The British 'pacification' of Chinram between the first invasion of the country in 1871 and the Anglo-Chin War of 1917-19 cleared the way for 'detribalisation', the breakdown of the old 'chief-land-god' nexus. Sakhong, however, argues that detribalisation did not result in dehumanisation, as the Christianity preached by American Baptist missionaries provided the Chin with the basis for a new way of life. The latter overcame the traditional isolationism of the tribes, creating a new Chin identity based on a community of worshippers in a wider world where they could relate as equals to 'civilized' lowlanders....

The author does not carry his narrative through to the Ne Win (1962-88) and State Law and Order Restoration Council/State Peace and Development Council (1988-) periods. This is unfortunate, since there is limited information in Western languages on how the Chins maintain their identity in the face of military-enforced 'Burmanisation', including the post-1988 junta's aggressive promotion of the Buddhist religion. While the SPDC builds new pagodas nationwide, it discourages the construction of new churches and mosques and the renovation of old ones.
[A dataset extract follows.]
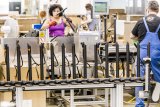 Die Hand einer Person, die ein Bauteil aus einer Verpackung auf einem Tisch nimmt.

This same pattern broadly describes so many parts of the boondocks of Southeast Asia, where the hill people only began to "join civilization" and adopt one of the major evangelical religions during the 19th and 20th centuries, often converting to some variety of Protestant Christianity, no matter whether the long-converted lowlanders were Buddhist, as in Burma, Thailand, or Cambodia; Muslim, as in the Malay Peninsula and Indonesian archipelago; or Catholic, as in the Philippines.